Вне эпидемического процесса такие мутации можно считать нейтральными. В Европе и России их носители были элиминированы Y.pestis уже в первой половине XV столетия, после чего чума (до Ветлянской эпидемии, 1878) проявлялась только в бубонной и бубонно-септической формах, какой бы масштаб она не принимала.

Интоксикация при чуме

Уже более столетия, начиная с работ Минха (1881, 1898) и до учебника Шуваловой Е.П. с соавт. (2001) включительно, авторы-клиницисты настаивают на том, что в основе патогенеза чумы лежит выработка ее возбудителем каких то токсинов. Однако бактериологи до настоящего времени так и не нашли у Y.pestis истинных экзотоксинов (какими, например, являются дифтерийный или столбнячный), способные в опытах на животных вызывать основные симптомы, наблюдаемые при чуме. Твердое следование догме, что именно токсин или какое-то другое вещество, образуемое Y.pestis, определяет патологический процесс, привело к тому, что в исследовании механизмов патогенеза при чуме не было сделано никаких принципиальных открытий. Как проявление кризиса изучения специфических механизмов интоксикации при чуме Домарадский И.В. (1998) рассматривает смещение интереса ученых с такого специфического токсина, каким является мышиный, к неспецифическому фактору патогенности любой грамотрицательной бактерии — липополисахаридному комплексу бактериальной стенки. Тем самым он признает, что так называемая интоксикация при чуме носит неспецифический характер.

Действительно, многие симптомы в клинической картине чумы наблюдаются при других инфекционных болезнях, в том числе тех, возбудителей которых никак не заподозришь в синтезе истинных экзотоксинов (например, вирусы).

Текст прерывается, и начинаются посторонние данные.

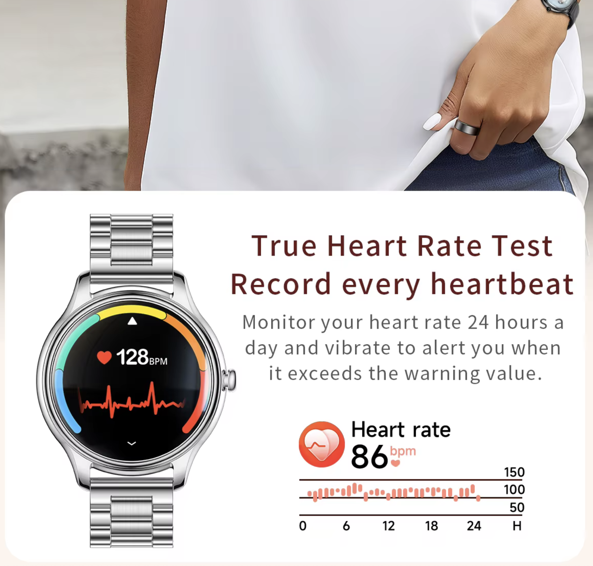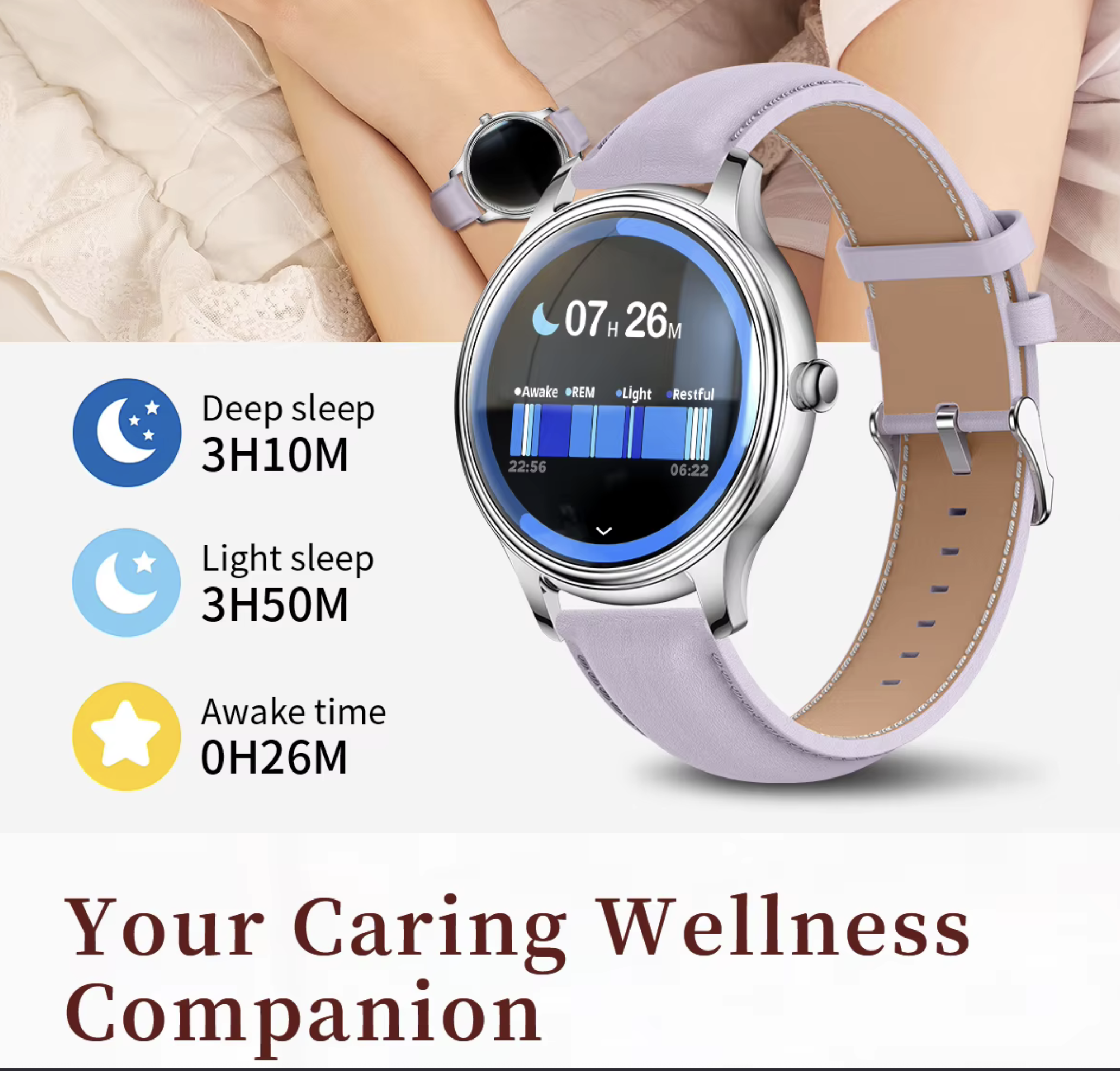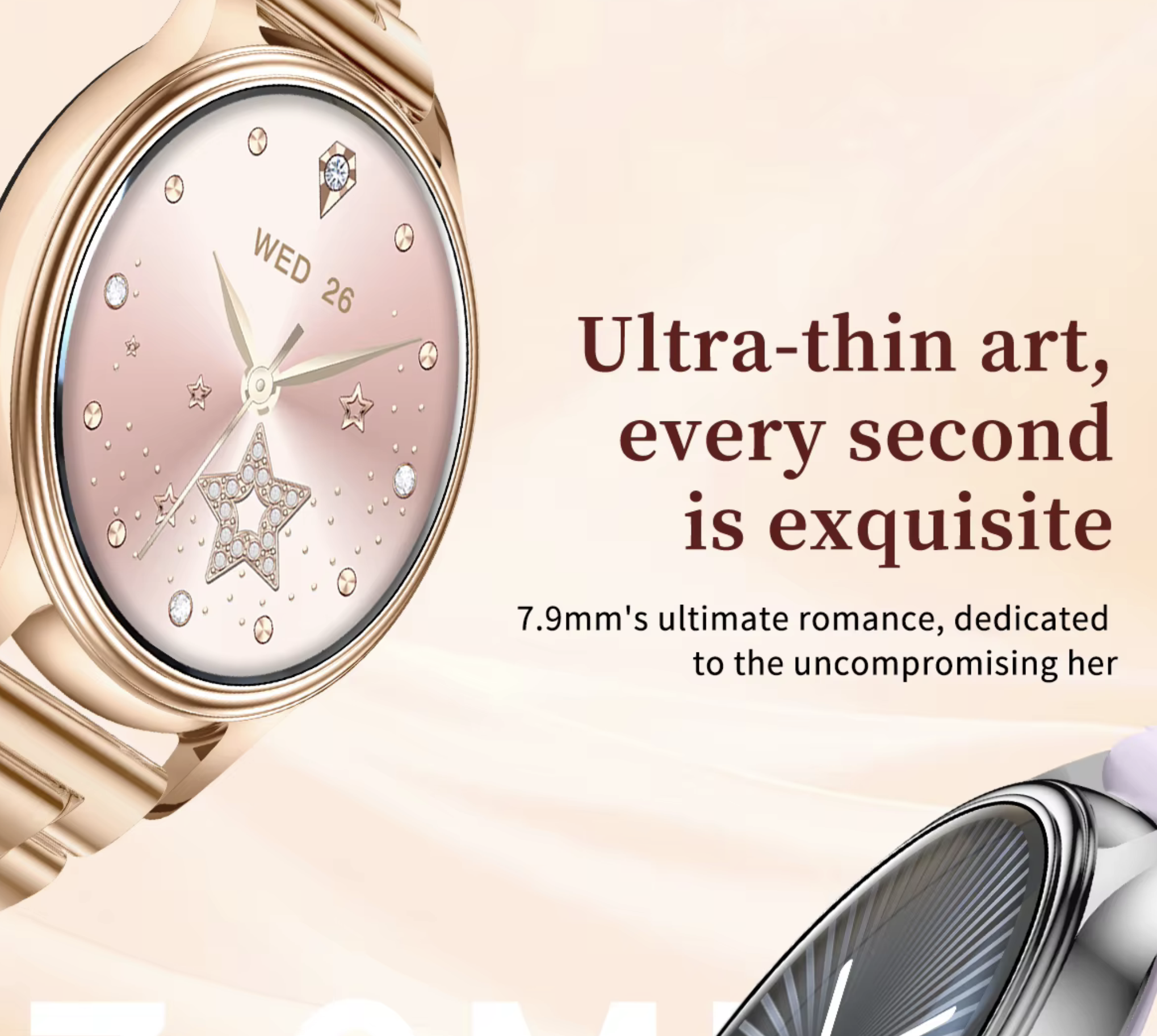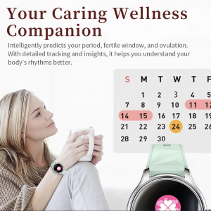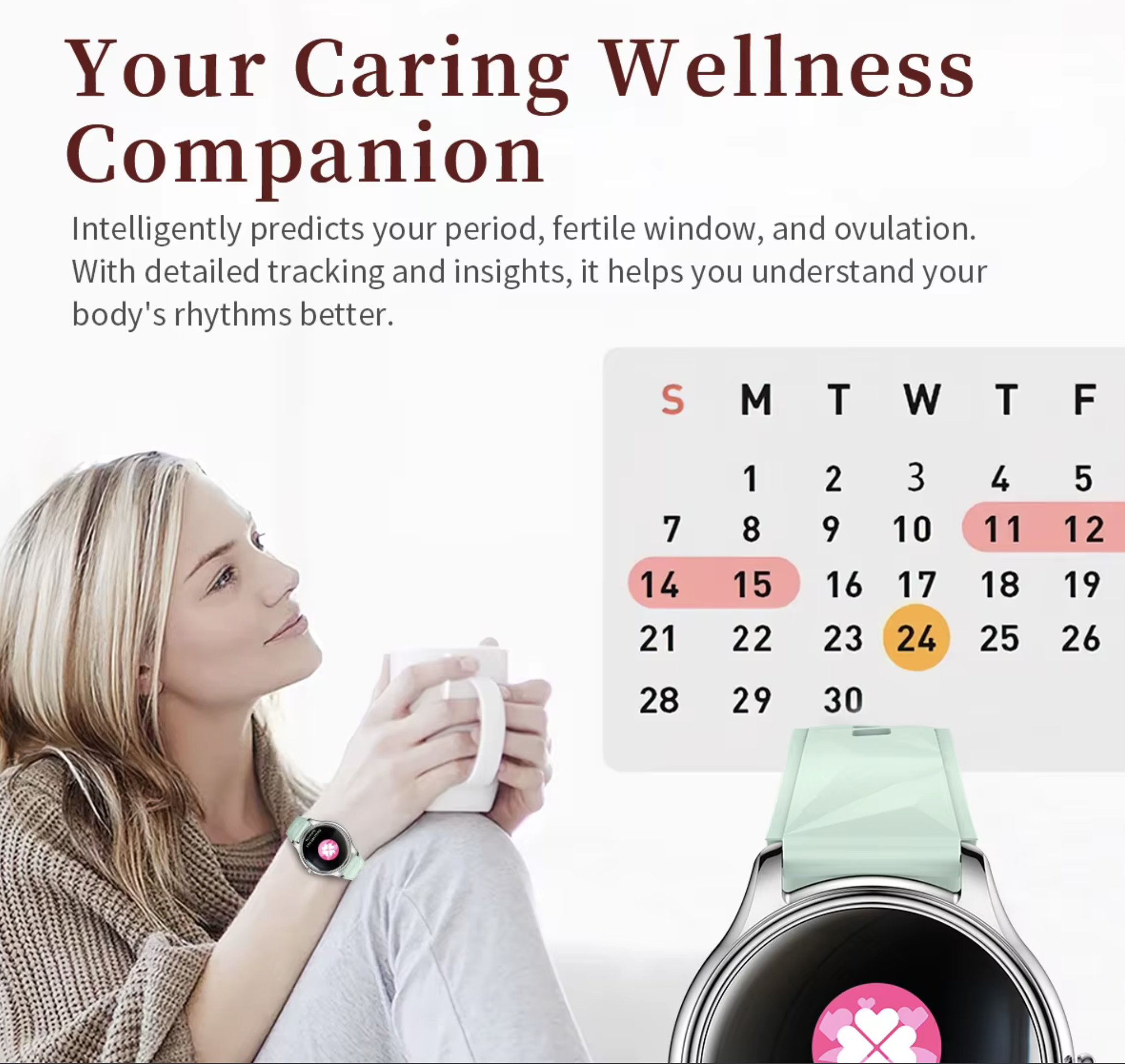 - Női egészségkövetés: Egy gondoskodó társ a nők számára. Az óra intelligensen előrejelzi a menstruációs ciklust, a termékeny időszakot és az ovulációt, részletes nyomon követéssel és elemzésekkel segítve testének ritmusának jobb megértését.

Рассмотрим такой важный синдром клиники чумы, как сердечно-сосудистый, обычно относимый к проявлениям интоксикации. Быстро нарастающее поражение сердечно-сосудистой системы, резкое падение кровяного давления, помрачение сознания и геморрагии (чумные знаки) у некоторых больных чумой развиваются даже раньше, чем бубоны или осложнения со стороны легких. Но они встречаются и при большинстве вирусных инфекций, например, при гриппе (особенно во время пандемии испанки ), и хантавирусных инфекциях; и при паразитарном заболевании — малярии. В то же время эти неспецифические симптомы проявляются далеко не у всех больных, и в разные эпидемии их частота варьирует (Шувалова Е.П. с соавт., 2001). Следовательно, их проявление все же зависит от каких-то специфических факторов, которые могут проявляться как в клинике болезни, так и в ее эпидемиологии.

В поисках ответа на вопрос, что это за специфический фактор (фактор Х), от которого зависят неспецифические клинические проявления болезни, обратимся к аналогиям.

Лица, которые экспрессировали гены главного комплекса гистосовместимости В8(HLA-B8), переносили хантавирусную инфекцию более тяжело, чем экспрессировавшие HLA-B27. У них болезнь проявлялась пониженным кровяным давлением, повышенным содержанием креатинина в крови. Одновременно наблюдалось большее количество вируса в моче и крови, определяемого с помощью полимеразной цепной реакции (ПЦР). У лиц с HLA-B27, болезнь протекала в мягкой форме. Почти все больные с гаплотипом HLA-A1-B8-DR3, у которых прогрессивно развивались все те же симптомы шока (наблюдаемые и при чуме; см. работу Шуваловой с соавт., 2001), экспрессировали вторую аллель фактора некроза опухолей (TNF2) (Wilson A. еt al.,1997).

От распространенной аллели TNF1, TNF2 отличает более сильный транскрипционный активатор, способствующий увеличению экспрессии фактора некроза опухолей (TNF-α). Патологическим проявлением повышенной экспрессии TNF-α становится более тяжелое течение малярии и хантавирусного синдрома. Причем при обеих болезнях наблюдаются неспецифические симптомы : нарастающее поражение сердечно-сосудистой системы, резкое падение кровяного давления, помрачение сознания, геморрагии и быстро наступающая смерть. Малярия, как правило, приобретает церебральную форму (McNicholl J. et al., 1997). Можно утверждать, что знаки при чуме представляют собой неспецифическую реакцию, зависящую от наличия в геноме человека дополнительных копий специфической аллели (TNF2 и др.), имеющих различную встречаемость и соотношение в человеческих популяциях в различные исторические эпохи.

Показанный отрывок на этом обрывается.